= Items from a dataset =
§

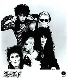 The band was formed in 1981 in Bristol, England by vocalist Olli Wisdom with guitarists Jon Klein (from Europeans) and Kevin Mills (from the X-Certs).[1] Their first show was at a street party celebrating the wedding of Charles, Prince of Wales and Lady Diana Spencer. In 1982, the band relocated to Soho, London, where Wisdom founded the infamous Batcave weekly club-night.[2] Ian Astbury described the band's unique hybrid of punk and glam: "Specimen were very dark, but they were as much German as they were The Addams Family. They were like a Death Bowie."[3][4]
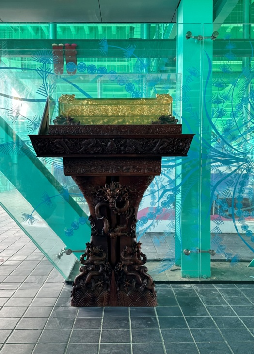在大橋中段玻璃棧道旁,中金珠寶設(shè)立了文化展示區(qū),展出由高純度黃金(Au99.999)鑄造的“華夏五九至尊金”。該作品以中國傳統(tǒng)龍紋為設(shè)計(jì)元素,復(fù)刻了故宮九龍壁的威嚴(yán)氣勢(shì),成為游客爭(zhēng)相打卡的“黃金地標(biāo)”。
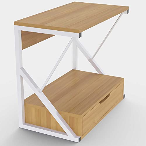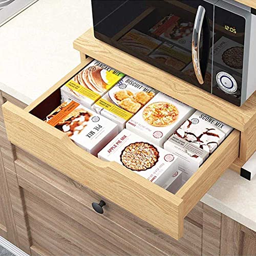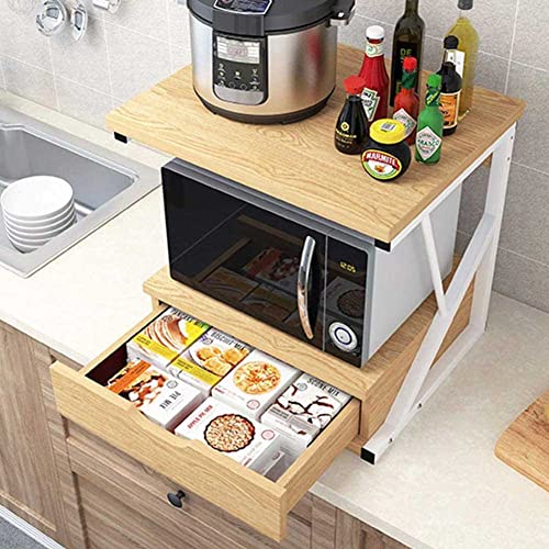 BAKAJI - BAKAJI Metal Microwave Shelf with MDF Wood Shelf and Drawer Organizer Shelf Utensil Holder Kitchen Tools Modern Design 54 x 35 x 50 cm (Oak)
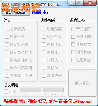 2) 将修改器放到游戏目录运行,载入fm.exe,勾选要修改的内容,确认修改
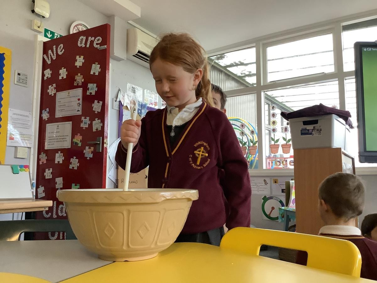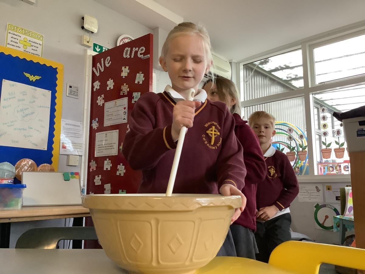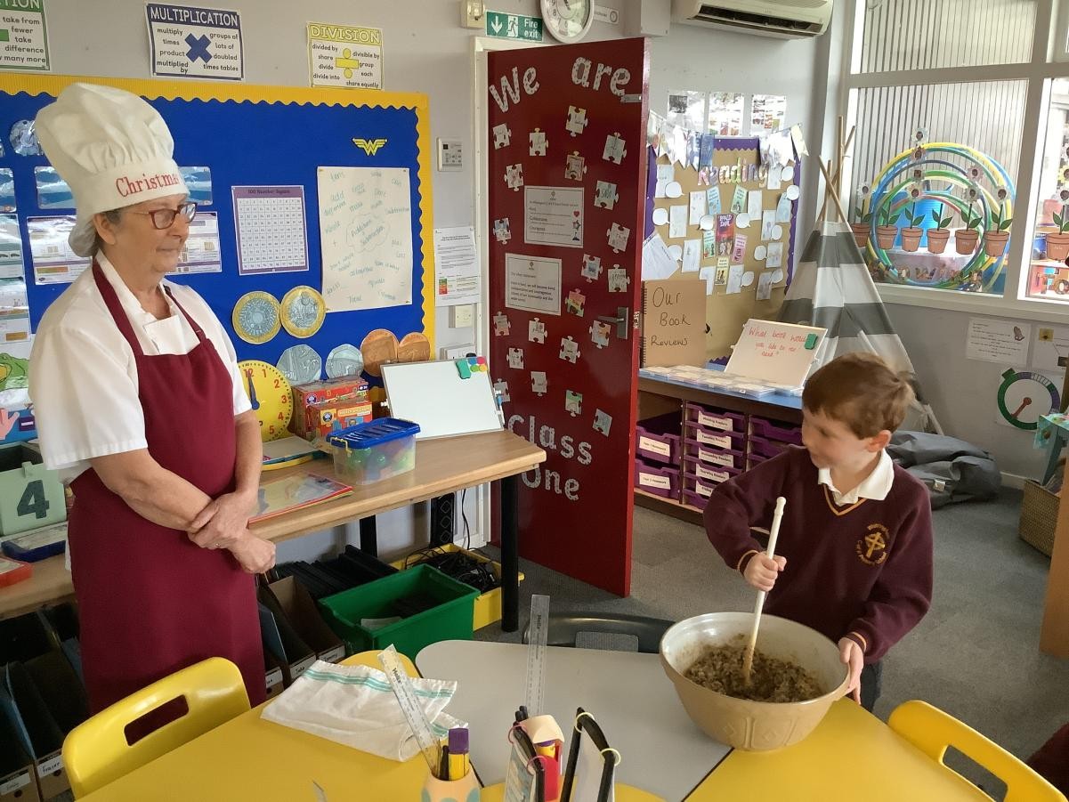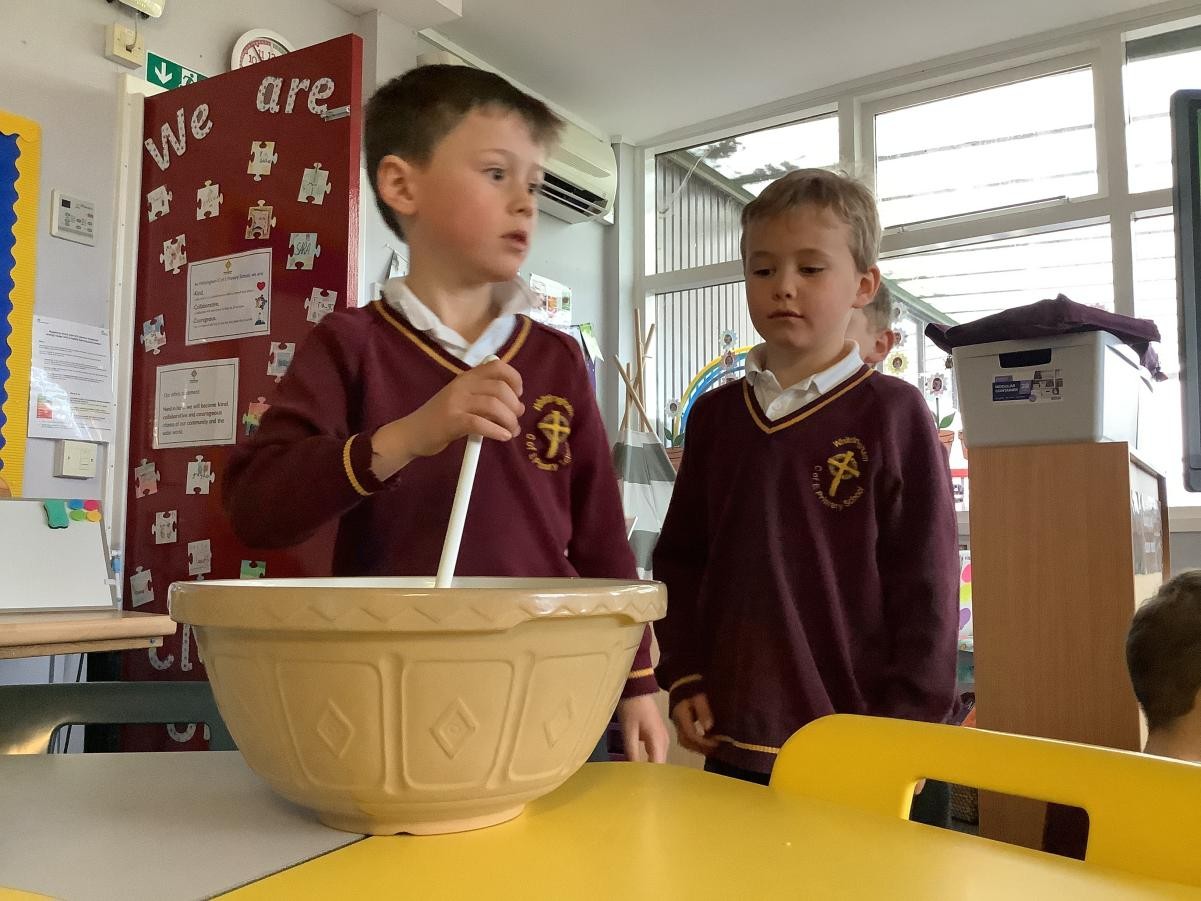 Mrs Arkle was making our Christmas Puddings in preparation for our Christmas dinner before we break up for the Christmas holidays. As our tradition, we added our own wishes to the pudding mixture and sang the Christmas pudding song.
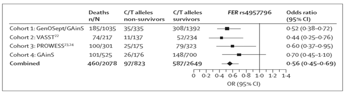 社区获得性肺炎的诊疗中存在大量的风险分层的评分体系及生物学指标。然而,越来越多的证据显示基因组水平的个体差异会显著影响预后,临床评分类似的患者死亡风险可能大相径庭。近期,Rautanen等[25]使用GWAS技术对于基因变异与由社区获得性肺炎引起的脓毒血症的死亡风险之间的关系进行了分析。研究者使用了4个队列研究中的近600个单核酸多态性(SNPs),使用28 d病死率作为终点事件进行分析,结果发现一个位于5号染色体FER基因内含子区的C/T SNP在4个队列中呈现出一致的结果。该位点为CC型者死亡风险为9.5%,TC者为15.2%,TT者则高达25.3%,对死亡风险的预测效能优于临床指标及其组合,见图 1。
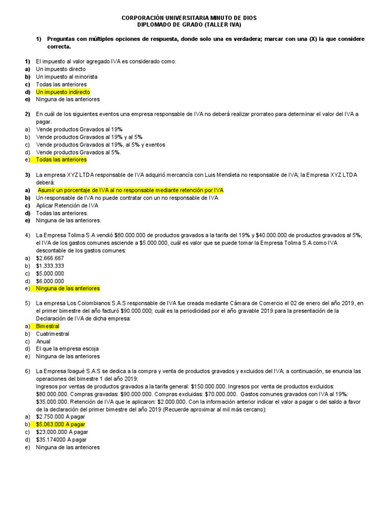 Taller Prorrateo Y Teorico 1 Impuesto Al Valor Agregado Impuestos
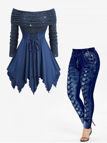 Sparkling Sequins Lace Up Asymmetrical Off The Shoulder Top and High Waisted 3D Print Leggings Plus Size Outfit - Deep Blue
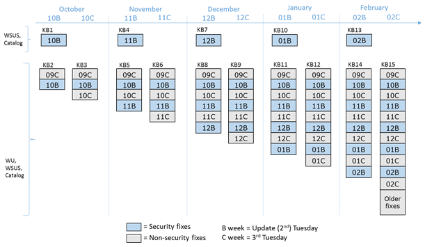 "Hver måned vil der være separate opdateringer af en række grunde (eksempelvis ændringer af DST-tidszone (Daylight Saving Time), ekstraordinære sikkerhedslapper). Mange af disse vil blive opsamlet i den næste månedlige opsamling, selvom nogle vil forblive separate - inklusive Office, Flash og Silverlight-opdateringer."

§

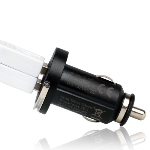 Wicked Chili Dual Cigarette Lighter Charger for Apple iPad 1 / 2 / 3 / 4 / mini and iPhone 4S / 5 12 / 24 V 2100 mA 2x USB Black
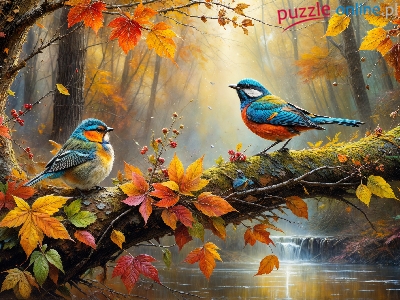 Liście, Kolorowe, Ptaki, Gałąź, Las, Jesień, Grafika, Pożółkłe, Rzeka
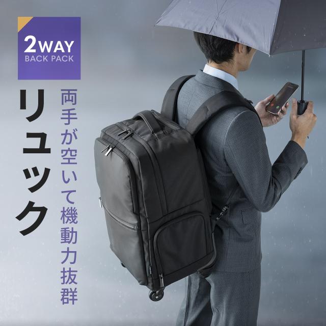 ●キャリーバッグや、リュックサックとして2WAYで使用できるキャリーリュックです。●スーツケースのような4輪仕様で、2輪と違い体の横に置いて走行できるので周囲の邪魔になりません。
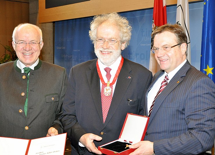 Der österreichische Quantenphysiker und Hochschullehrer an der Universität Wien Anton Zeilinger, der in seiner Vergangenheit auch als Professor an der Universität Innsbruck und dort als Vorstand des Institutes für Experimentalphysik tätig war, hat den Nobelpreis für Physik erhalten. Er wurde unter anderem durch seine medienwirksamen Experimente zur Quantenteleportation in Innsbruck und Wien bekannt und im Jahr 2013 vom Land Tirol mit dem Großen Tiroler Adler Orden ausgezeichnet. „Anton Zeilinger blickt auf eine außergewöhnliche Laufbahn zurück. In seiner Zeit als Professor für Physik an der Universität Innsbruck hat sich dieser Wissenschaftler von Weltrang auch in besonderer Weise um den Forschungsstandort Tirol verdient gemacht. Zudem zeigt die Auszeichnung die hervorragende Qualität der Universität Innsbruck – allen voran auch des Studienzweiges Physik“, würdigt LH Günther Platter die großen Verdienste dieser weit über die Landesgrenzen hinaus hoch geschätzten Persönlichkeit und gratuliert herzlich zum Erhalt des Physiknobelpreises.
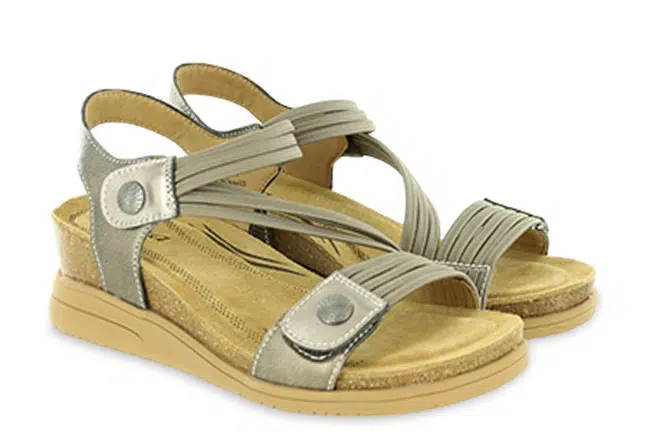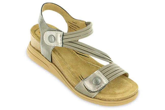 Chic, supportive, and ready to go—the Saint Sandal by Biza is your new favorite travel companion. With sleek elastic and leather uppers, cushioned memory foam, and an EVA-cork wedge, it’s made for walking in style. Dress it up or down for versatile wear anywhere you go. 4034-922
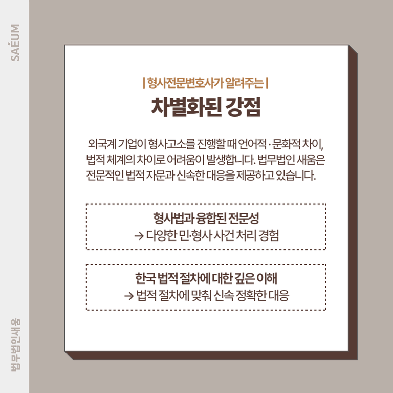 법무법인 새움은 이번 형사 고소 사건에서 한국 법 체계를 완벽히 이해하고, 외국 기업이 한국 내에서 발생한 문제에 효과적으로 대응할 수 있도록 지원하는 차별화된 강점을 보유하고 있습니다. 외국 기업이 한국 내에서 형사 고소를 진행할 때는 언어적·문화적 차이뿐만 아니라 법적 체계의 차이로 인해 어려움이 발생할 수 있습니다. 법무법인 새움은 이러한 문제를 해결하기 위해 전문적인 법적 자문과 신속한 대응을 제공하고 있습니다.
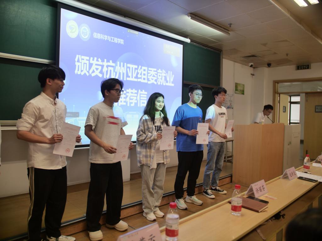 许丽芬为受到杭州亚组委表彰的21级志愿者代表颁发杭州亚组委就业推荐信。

§

= What the task requires =
Please output, exactly as written, the lines above from the one holding "在大橋中段玻璃棧道旁,中金珠" through the one holding "måned vil der", both included, with the pictures omitted.

= Answer box =
在大橋中段玻璃棧道旁,中金珠寶設(shè)立了文化展示區(qū),展出由高純度黃金(Au99.999)鑄造的“華夏五九至尊金”。該作品以中國傳統(tǒng)龍紋為設(shè)計(jì)元素,復(fù)刻了故宮九龍壁的威嚴(yán)氣勢(shì),成為游客爭(zhēng)相打卡的“黃金地標(biāo)”。
 BAKAJI - BAKAJI Metal Microwave Shelf with MDF Wood Shelf and Drawer Organizer Shelf Utensil Holder Kitchen Tools Modern Design 54 x 35 x 50 cm (Oak)
 2) 将修改器放到游戏目录运行,载入fm.exe,勾选要修改的内容,确认修改
 Mrs Arkle was making our Christmas Puddings in preparation for our Christmas dinner before we break up for the Christmas holidays. As our tradition, we added our own wishes to the pudding mixture and sang the Christmas pudding song.
 社区获得性肺炎的诊疗中存在大量的风险分层的评分体系及生物学指标。然而,越来越多的证据显示基因组水平的个体差异会显著影响预后,临床评分类似的患者死亡风险可能大相径庭。近期,Rautanen等[25]使用GWAS技术对于基因变异与由社区获得性肺炎引起的脓毒血症的死亡风险之间的关系进行了分析。研究者使用了4个队列研究中的近600个单核酸多态性(SNPs),使用28 d病死率作为终点事件进行分析,结果发现一个位于5号染色体FER基因内含子区的C/T SNP在4个队列中呈现出一致的结果。该位点为CC型者死亡风险为9.5%,TC者为15.2%,TT者则高达25.3%,对死亡风险的预测效能优于临床指标及其组合,见图 1。
 Taller Prorrateo Y Teorico 1 Impuesto Al Valor Agregado Impuestos
 Sparkling Sequins Lace Up Asymmetrical Off The Shoulder Top and High Waisted 3D Print Leggings Plus Size Outfit - Deep Blue
 "Hver måned vil der være separate opdateringer af en række grunde (eksempelvis ændringer af DST-tidszone (Daylight Saving Time), ekstraordinære sikkerhedslapper). Mange af disse vil blive opsamlet i den næste månedlige opsamling, selvom nogle vil forblive separate - inklusive Office, Flash og Silverlight-opdateringer."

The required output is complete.